What this task involves — Any pictures in the records below must be left out when you repeat the lines from the line containing "крупный примат - самец" through the line containing "A Harbour Housewares" exactly.

Record excerpts —
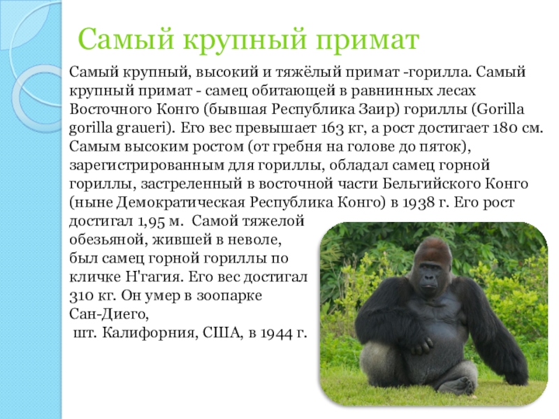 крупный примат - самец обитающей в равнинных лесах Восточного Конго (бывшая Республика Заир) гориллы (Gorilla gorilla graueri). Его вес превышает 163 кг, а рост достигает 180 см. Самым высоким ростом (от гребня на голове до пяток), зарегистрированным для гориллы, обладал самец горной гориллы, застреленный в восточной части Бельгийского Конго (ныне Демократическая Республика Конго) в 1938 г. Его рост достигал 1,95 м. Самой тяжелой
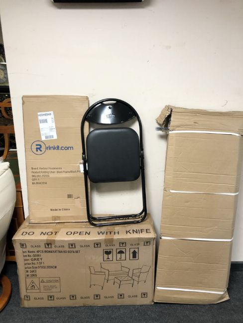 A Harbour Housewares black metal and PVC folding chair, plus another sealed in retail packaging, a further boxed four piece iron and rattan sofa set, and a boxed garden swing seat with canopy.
==
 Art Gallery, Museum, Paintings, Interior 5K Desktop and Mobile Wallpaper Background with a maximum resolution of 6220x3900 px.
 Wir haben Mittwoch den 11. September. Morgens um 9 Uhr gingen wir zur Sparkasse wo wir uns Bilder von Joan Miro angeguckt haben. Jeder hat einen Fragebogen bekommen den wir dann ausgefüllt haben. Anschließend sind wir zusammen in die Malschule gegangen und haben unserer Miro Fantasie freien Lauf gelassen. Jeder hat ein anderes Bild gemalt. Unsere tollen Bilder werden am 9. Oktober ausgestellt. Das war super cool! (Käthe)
---
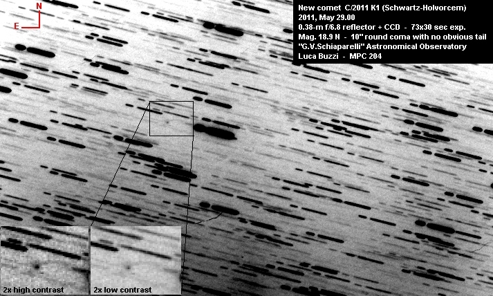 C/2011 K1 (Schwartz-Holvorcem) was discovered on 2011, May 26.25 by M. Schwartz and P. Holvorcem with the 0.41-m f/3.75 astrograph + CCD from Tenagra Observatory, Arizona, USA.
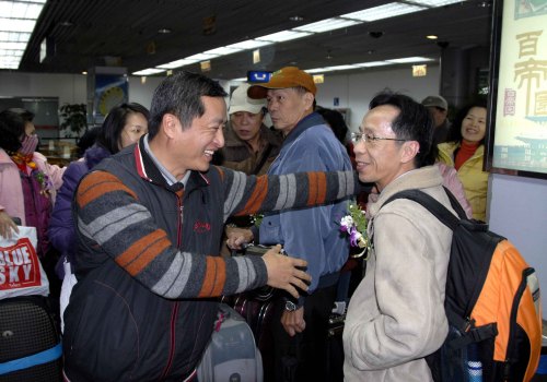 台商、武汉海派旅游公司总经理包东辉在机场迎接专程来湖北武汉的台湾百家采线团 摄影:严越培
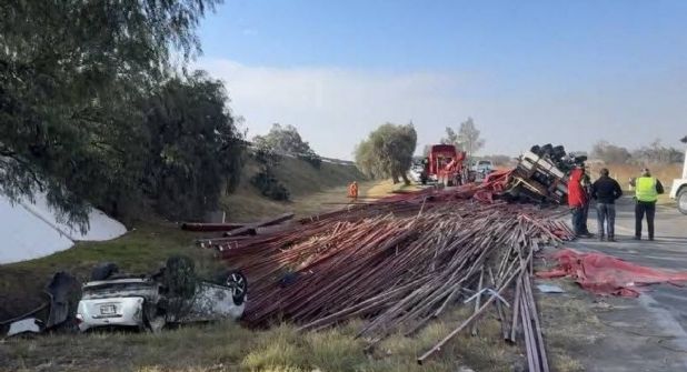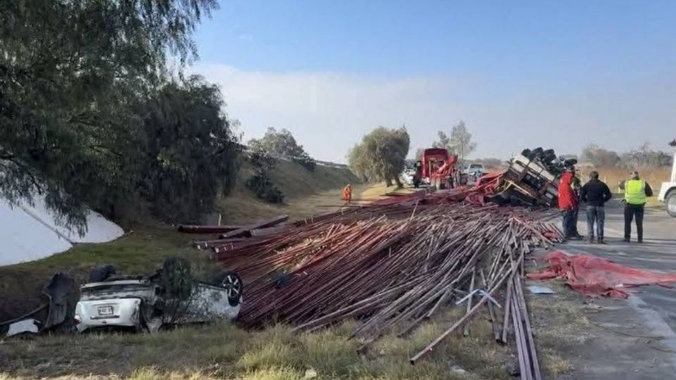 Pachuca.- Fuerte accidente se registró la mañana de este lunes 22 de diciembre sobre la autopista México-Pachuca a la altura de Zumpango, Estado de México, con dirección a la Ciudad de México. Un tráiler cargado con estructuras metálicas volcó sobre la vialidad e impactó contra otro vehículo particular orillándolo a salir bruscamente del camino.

Exercise output —
 крупный примат - самец обитающей в равнинных лесах Восточного Конго (бывшая Республика Заир) гориллы (Gorilla gorilla graueri). Его вес превышает 163 кг, а рост достигает 180 см. Самым высоким ростом (от гребня на голове до пяток), зарегистрированным для гориллы, обладал самец горной гориллы, застреленный в восточной части Бельгийского Конго (ныне Демократическая Республика Конго) в 1938 г. Его рост достигал 1,95 м. Самой тяжелой
 A Harbour Housewares black metal and PVC folding chair, plus another sealed in retail packaging, a further boxed four piece iron and rattan sofa set, and a boxed garden swing seat with canopy.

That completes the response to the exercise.